Era bastante oscuro cuando nuestro frío grupo, cansado e incómodo entró en San Agustín y tocó a la puerta de la casa de campo del Sr. M— —, donde debíamos permanecer durante la noche. Esperábamos encontrar todo debidamente preparado para nuestra recepción; y entre nuestras esperanzas, no la menor era por ben fuego para secar nuestras salpicadas prendas. Llegamos la puerta, uno por uno, silenciosos y hoscos. Estábamos no sólo enojados con el tiempo, pero parecíamos estar mutuamente insatisfechos. Después de varios pasos, la puerta se abrió lentamente y en lugar del saludo de un brillante fuego en medio del patio—, ¡una miserable vela de sebo, enfermiza hizo su aparición! Un grupo más frío, mojado o más incómoda nunca se había reunido después de una tormenta; y encontramos, sin embargo la protección habitual de mantas mexicanas, monturas mexicanas y armas de agua, que la lluvia había penetrado en la mayoría de nuestros equipos, y que estamos decididamente húmedos, si no completamente empapados.

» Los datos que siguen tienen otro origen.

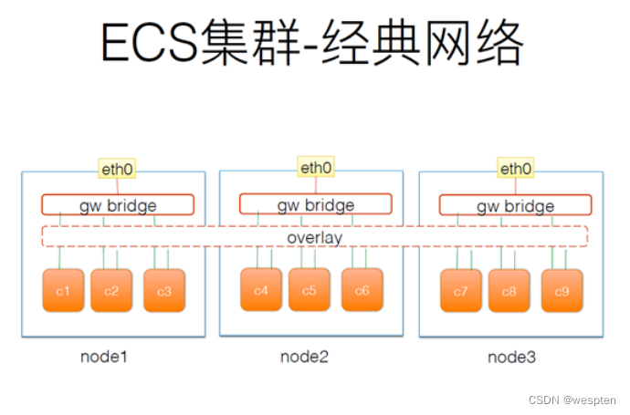 In Alibaba cloud ECS Above the cluster , The network architecture is like this , Communication between containers , Or through overlay drive , Its advantage is that it has relatively low requirements for infrastructure , So it only needs the interworking between hosts , Container to access the Internet , Or the container wants to expose the port to the external network through a gateway_bridge The bridge 、 A local driver , This is the port mapping for the container to access the Internet and the container .
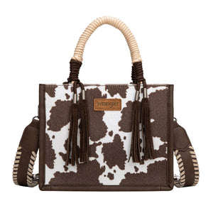 Wrangler Crossbody Bag | Cow Print Tassel | Chocolate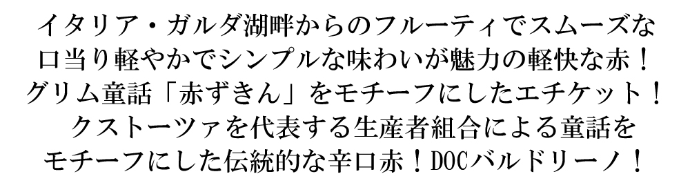 クストーツァを代表する生産者組合による童話をモチーフにした伝統的な辛口赤ワイン!フルーティでスムーズな口当り軽やかでシンプルな味わいが魅力の軽快な赤ワイン!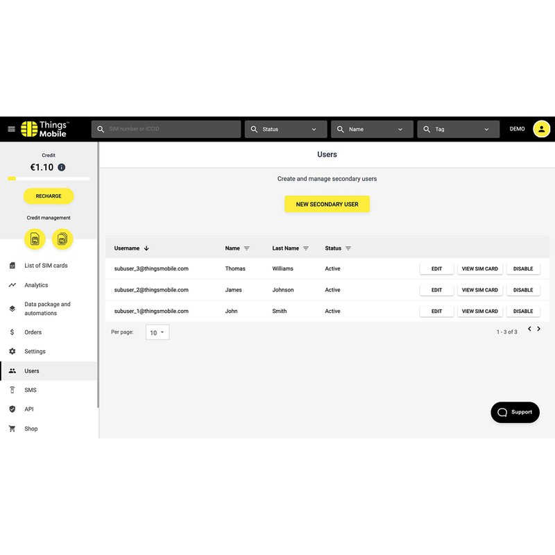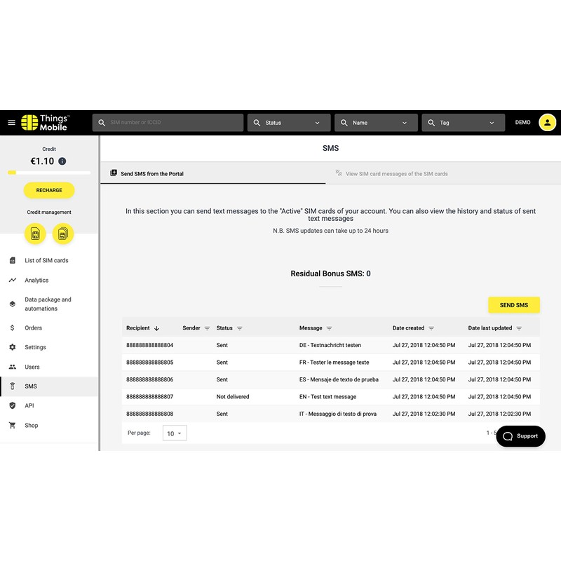 - Fixed IP on demand, VPN, sending and receiving SMS messages from the IoT portal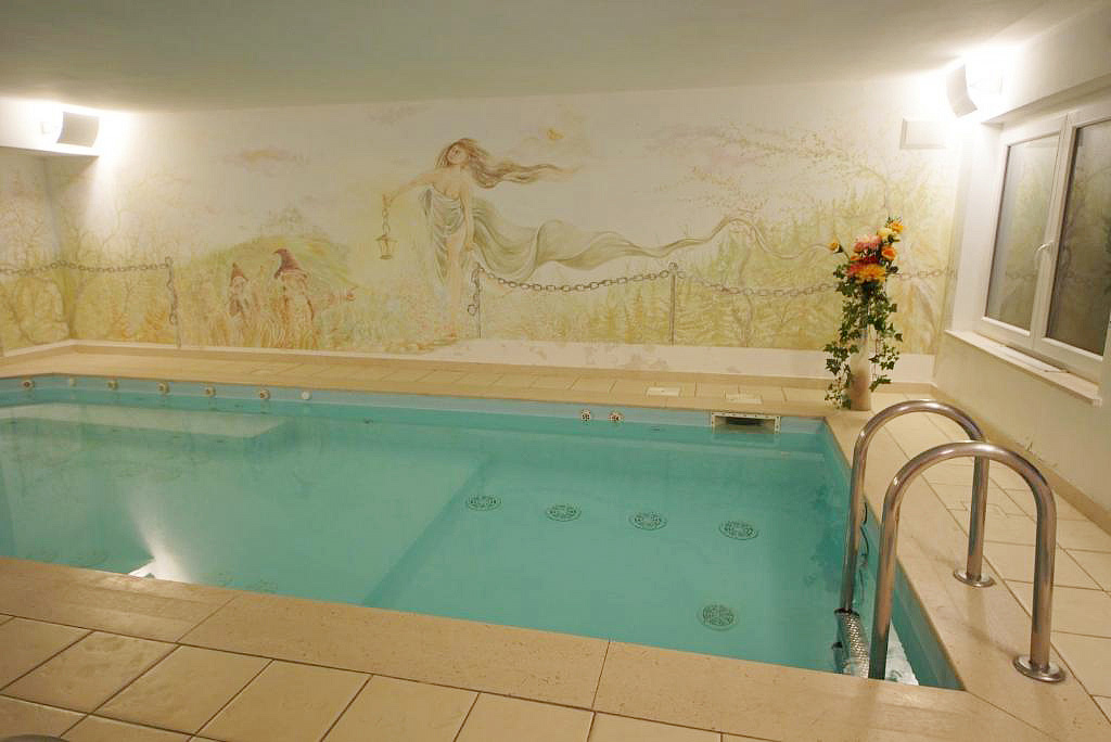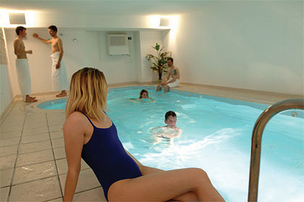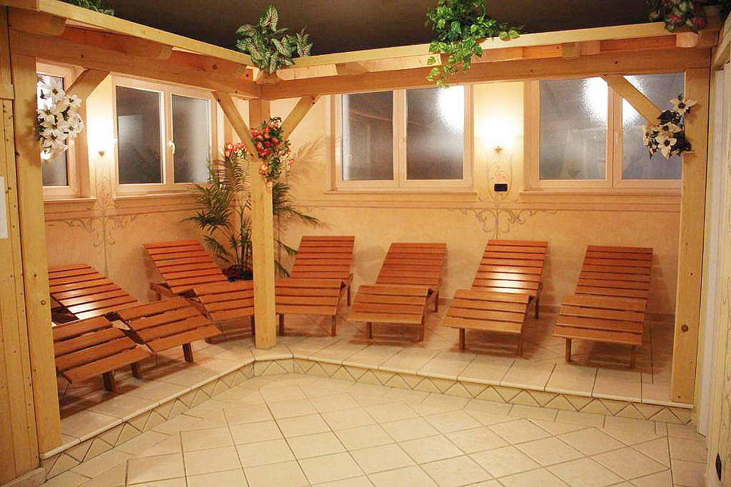 minibazén 6 x 2,5 m s hydromasážními režimy, sauna, pára, solárium*, relaxační koutek s lehátky, posilovací koutek se 2 posilovacími stroji

Entramos a la casa después de quitarnos nuestros pertrechos en un gran salón, y encontramos cuartos bastante cómodos y camas suficientes para todos. Nos cambiamos de ropa, un vaso de Farintosh capital, (que salió de la botella de cuero espaciosa de Douglas), y un pedazo de jamón, con un epílogo de cigarros, nos colocaron derechos nuevamente; y a las 11, mientras escribo este memorando, el grupo está cantando el coro de una canción liderado por Du Roslan.